Interesting observation: I can easily reproduce the problem as described, but if I set "auth=no" in the configuration the problem goes away. So it appears to be related to authentication in some way, but I don't know what the connection might be. Host info where I reproduced: mrg32.lab.bos.redhat.com 2.6.18-238.el5 x86_64: 16050Mb 2493MHz 8-core/2-cpu Intel(R) Xeon(R) CPU E5420 @ 2.50GHz Red Hat Enterprise Linux Server release 5.6 (Tikanga)
Created attachment 478244 [details] Analysis of journals from comment #1 I have examined the two journals from mrg-qe-09 and mrg-qe-10, and neither shows any irregularity in the journal itself. I checked the enqueue threshold calculation from the mrg-qe-10 journal, and found it to be correct. All analysis details are in the attached file. There is a distinct difference in the patterns of enqueue/dequeue in the journals. The journal from mrg-qe-09 had a maximum depth of 27311 records, while the journal from mrg-qe-10 had a depth of 36548 records at the time of the enqueue failure. This analysis shows that the enqueue/dequeue patterns are very different on these two machines, but does not shed any light on why that might be the case.

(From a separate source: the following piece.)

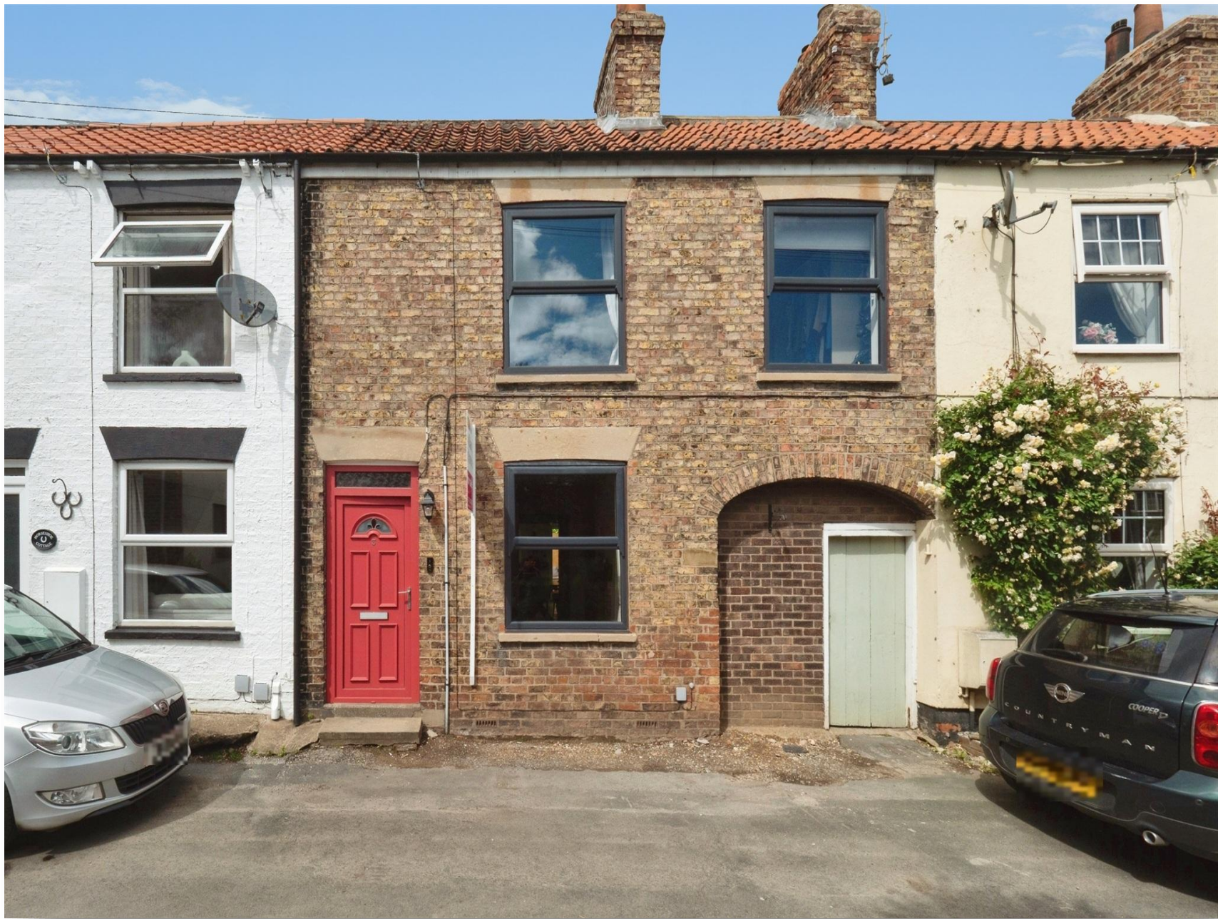
Stockwell Lane, Brandesburton, Driffield, YO25 8RP

Setting NEEDINFO for aconway. Alan, any further thoughts on this? It seems that the two nodes are seeing very different patterns of enqueueing/dequeuing, hence triggering an ETE on one node which is not seen on the other.
I ran this against a stand-alone broker: qpid-send --durable yes --messages 50000 --content-size 8 -a 'q;{create:always,node:{durable:1}}' and the store overflowed. So the message load here is bigger than the default store capacity, therefore it's a matter of timing whether it overflows or not. In the clustered configuration it appears that messages are produced much faster than they are consumed. I think this is a performance issue, not a correctness issue. I would still like to find out why the differences arise but I think it's low priority/urgency.
This product has been discontinued or is no longer tracked in Red Hat Bugzilla.